- Information shown
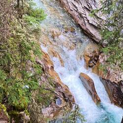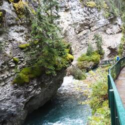 Hallo, heute sind wir von Regentropfen auf dem Wohnmobil geweckt worden, aber wir haben uns trotzdem auf den Weg zum Johnston Canyon gemacht.
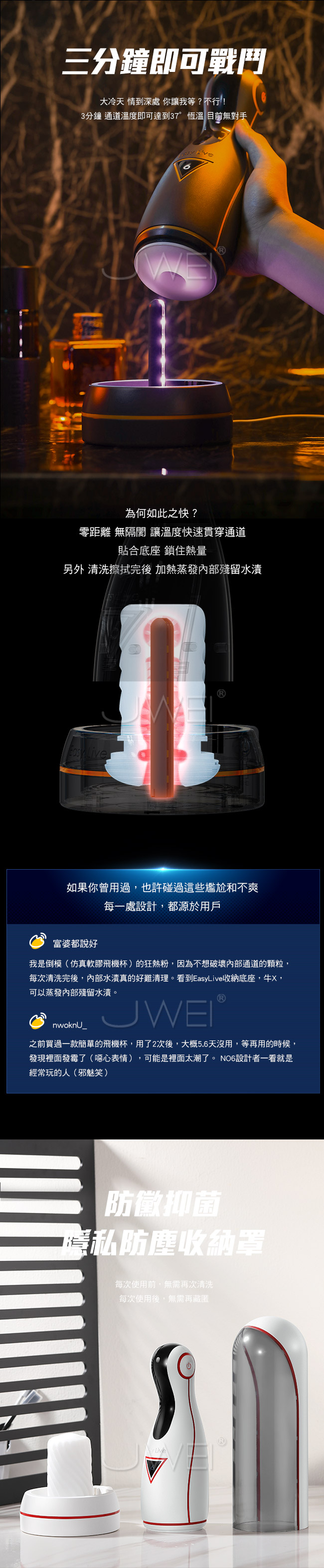 Easy live.NO.6三代 4x6段吸吮蠕動一鍵爆發智能飛機杯-黑色
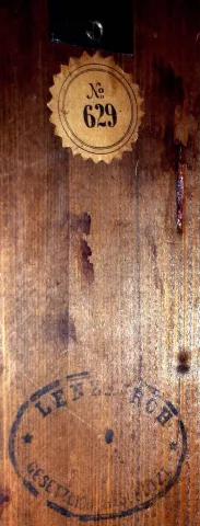 the case has an old refinish. The small fleur-de-lis carving below the center splat appears to be made to match, and is well done. The dial is in very good condition minor discoloration around 7 from setting the hands. Mov't is properly signed with Lenzkirch logo, and is running. Height 42 inches

- Task
The output is the lines from the start of the data above through the line containing "Easy live.NO.6三代 4x6段吸吮蠕動一鍵爆發智能飛機杯-黑色", unchanged, with any picture left out.

- Exercise response
 Hallo, heute sind wir von Regentropfen auf dem Wohnmobil geweckt worden, aber wir haben uns trotzdem auf den Weg zum Johnston Canyon gemacht.
 Easy live.NO.6三代 4x6段吸吮蠕動一鍵爆發智能飛機杯-黑色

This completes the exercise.